All improvements must be approved in writing by the City prior to installation or construction. Any proposed
changes must meet all building permit regulations and be constructed, installed, maintained, and operated in
compliance with all local, state, and federal laws and regulations. Operator must obtain the prior written
approval of the Director for any proposed improvements and a certificate from the Pueblo Regional Building
Department approving any proposed improvements. Operator shall maintain the improvements in good and
safe condition,appearance and state of repair,regardless of the cause or need for maintenance and repair.

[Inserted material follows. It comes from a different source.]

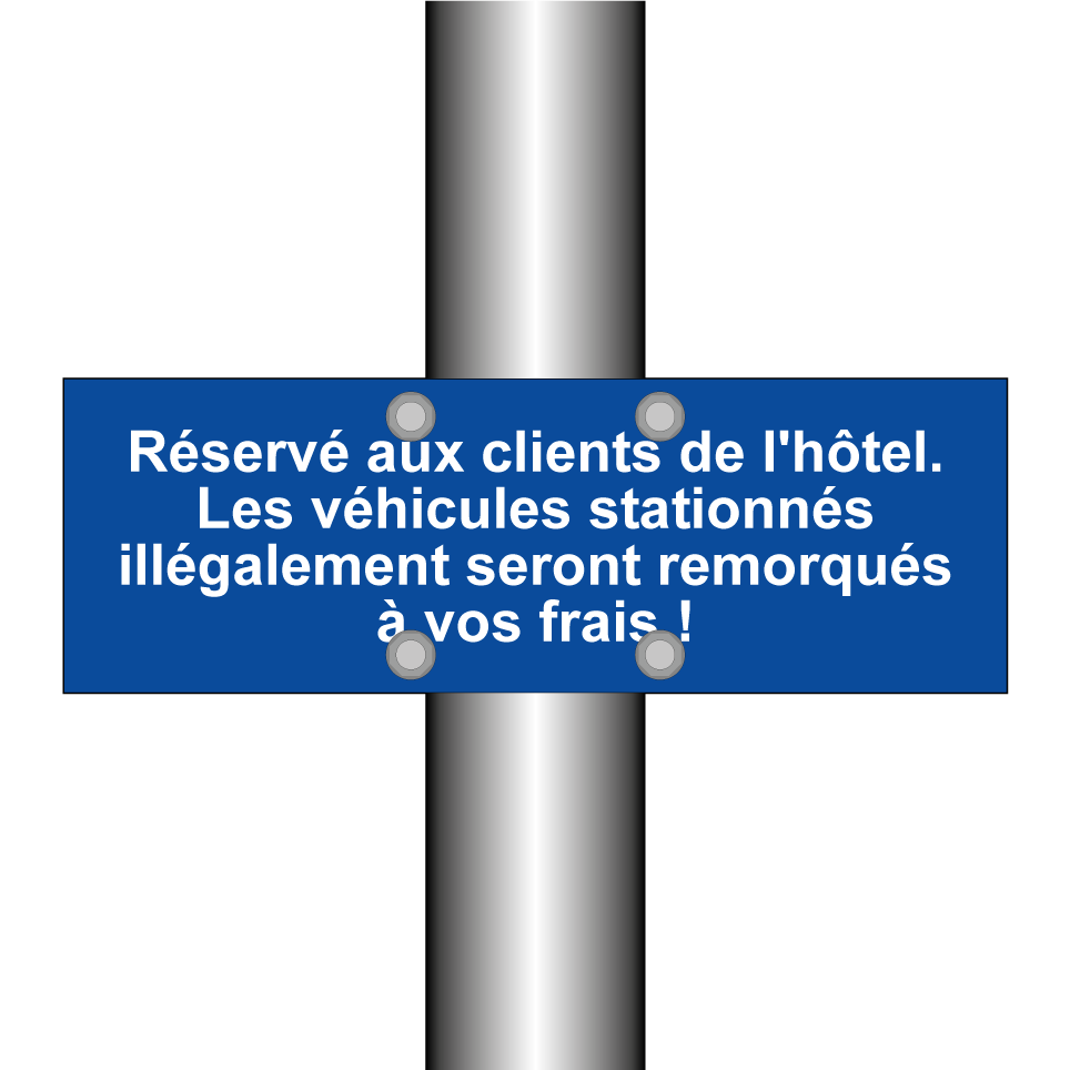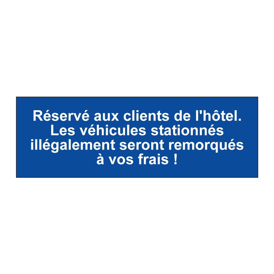 Panneau de stationnement avec le texte : "Réservé aux clients de l'hôtel. Les véhicules stationnés illégalement seront remorqués à vos frais !".

(c) Improvements Become City Property Upon Termination of Agreement.All improvements
shall become the property of the City at the option of the City upon termination or expiration of this Agreement.
14. INTELLECTUAL PROPERTY. This Agreement is solely for access to and use of the Leased
Premises. Operator shall not photograph,film,or broadcast any Event or any part thereof without first obtaining
the prior written consent of the City. In addition,no footage or images obtained from City access granted herein
may be reproduced, sold, broadcast, commercially exploited, or distributed without a separate written license
agreement from the City authorizing such use.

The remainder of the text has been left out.